Recently, we've designed and synthesized some highly emissive naphtho[2,3-c][1,2,5]thiadiazole
(NTD) derivatives and naphtho[2,3-c][1,2,5]selenadiazole (NSeD) derivatives with unusual
ambipolar transporting properties.
The ambipolar transporting properties of the NTDs were explained by Marcus theory with
carrier reorganization energies and charge-transfer integrals. We obtained high quality single
crystals of 4,9-di(biphenyl-4-yl)-naphtho[2,3-c][1,2,5]thiadiazole (NTD02) and
4,9-bis(4-(2,2-diphenylvinyl)phenyl)-naphtho[2,3-c][1,2,5]thiadiazole (NTD05). They have
disordered NTD rings' orientation with the opposite directions in the center of the molecule
because of NTD's planar configuration and the single-bond connection with the phenyl
substituents. The packing structure of NTD02 shows the planar arrangement of NTD rings,
forming a "charge transporting channel". Quantum calculation also confirms that the π-π stacking
interaction in NTD derivatives benefits the charge transporting via intermolecular hopping on
NTD rings. The hole and electron mobilities of NTD05 are 7.16×10-4 cm2/V·s and 6.19×10-4
cm2/V•s at an electronic field E = 2.0×105 V/cm, respectively. The hole mobility of NTD05 is
close to that of N,N'-diphenyl-N,N'-bis(1-naphthyl)(1,1'-biphenyl)-4,4'-diamine (NPB) and the
electron mobility of NTD05 is two orders-of-magnitude higher than that of
tris(8-hydroxyquinoline) aluminum (Alq3).
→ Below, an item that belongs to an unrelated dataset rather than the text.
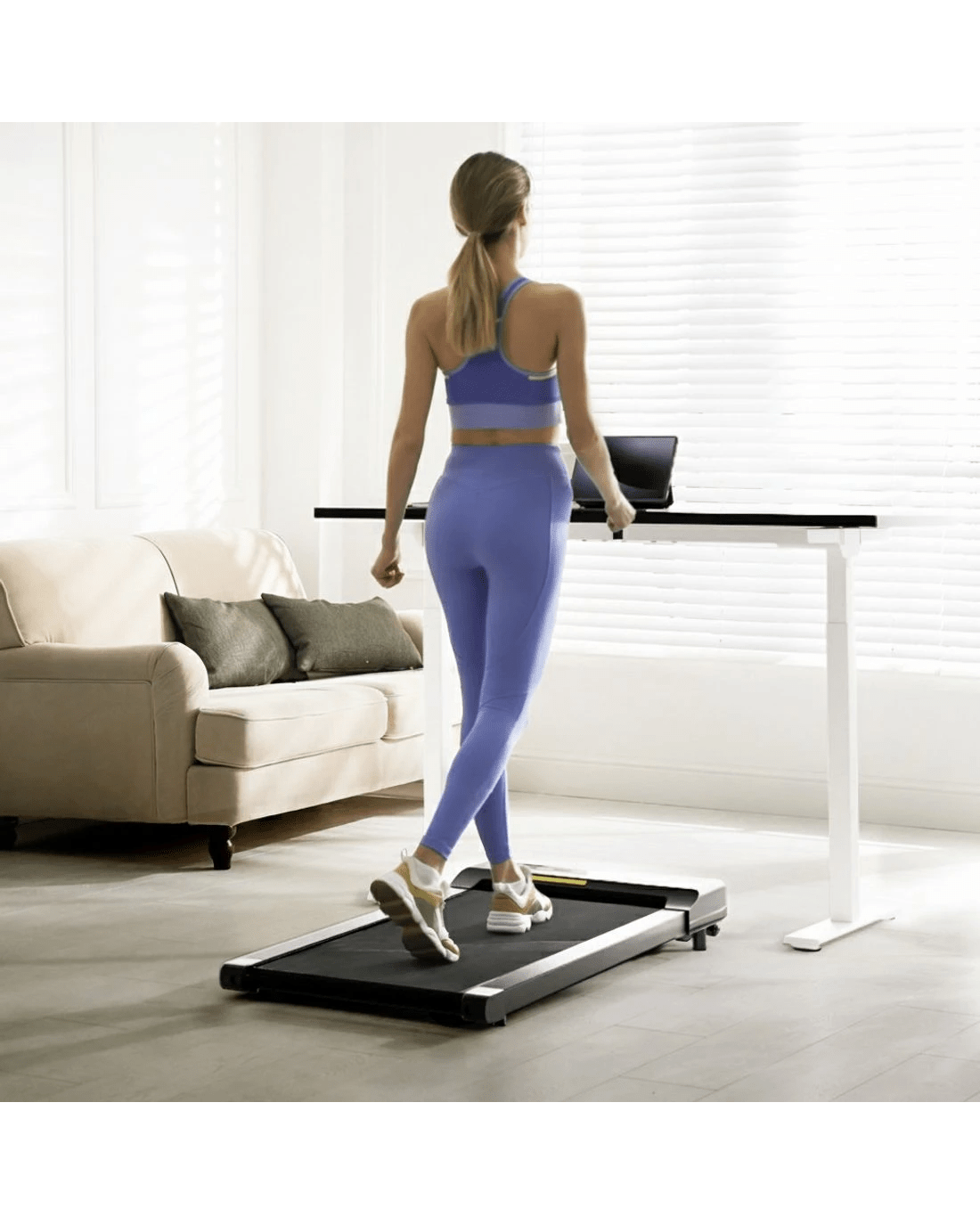 The electric standing desk with integrated treadmill and walking pad offers a versatile workspace solution, allowing users to alternate between standing, walking, or sitting, promoting productivity and health.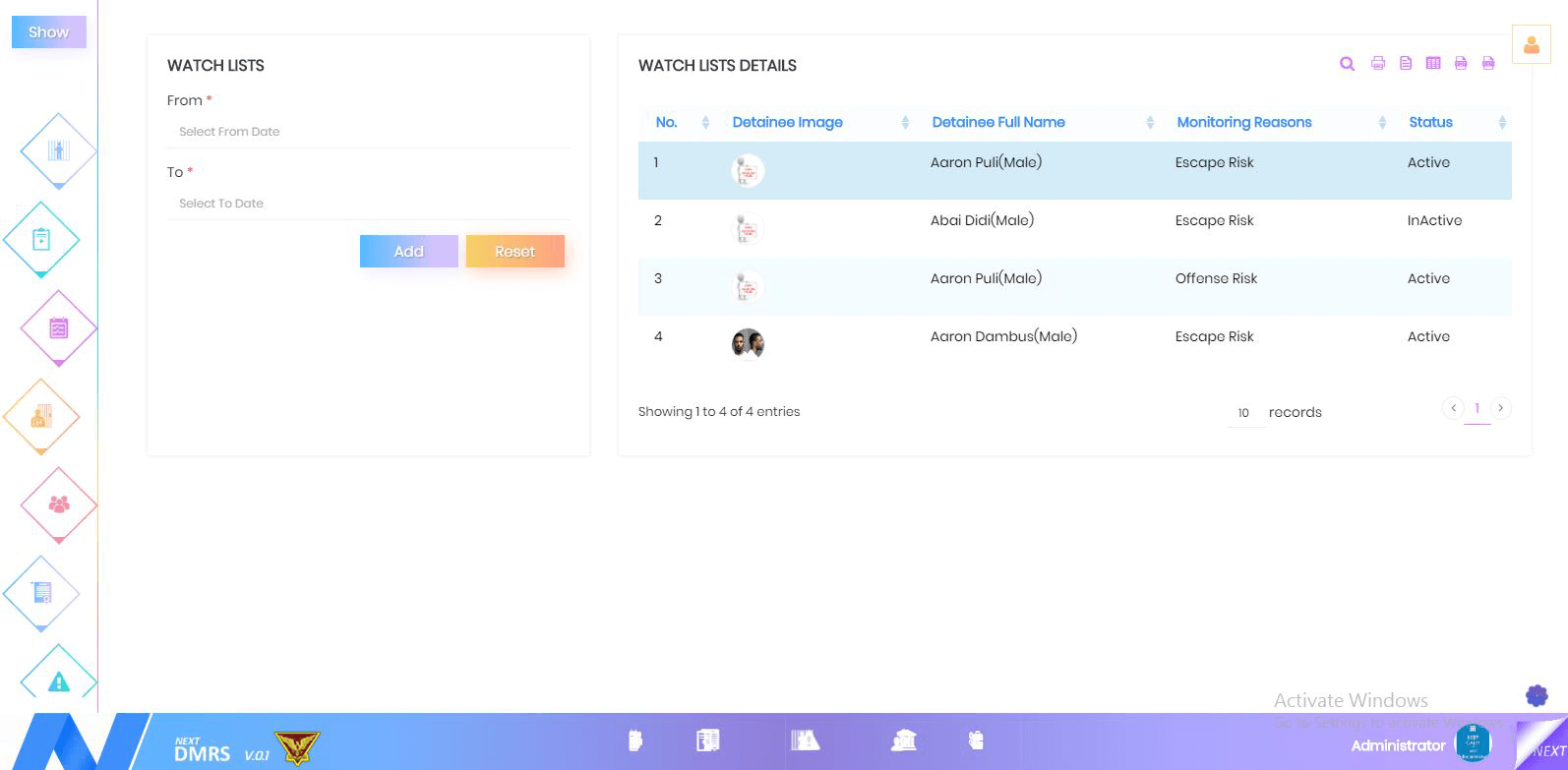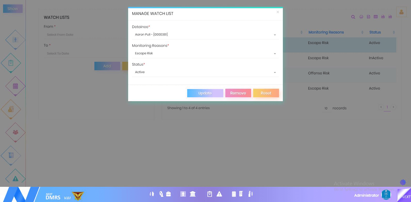 Watch Lists module, allows the Prison Jail Management to capture and manage the reasons for

For the NTD derivatives, NTD05 also shows the best
performance in non-doped OLEDs. CIE coordinates of (0.65, 0.35) and a peak efficiency of 2.4%
are achieved for a double layer OLED with NPB as the hole transporting layer and NTD05 as the
emitting layer. Moreover, we get ultimate red emission with CIE coordinates of (0.71, 0.29) for
some of the NSeD based non-doped OLEDs.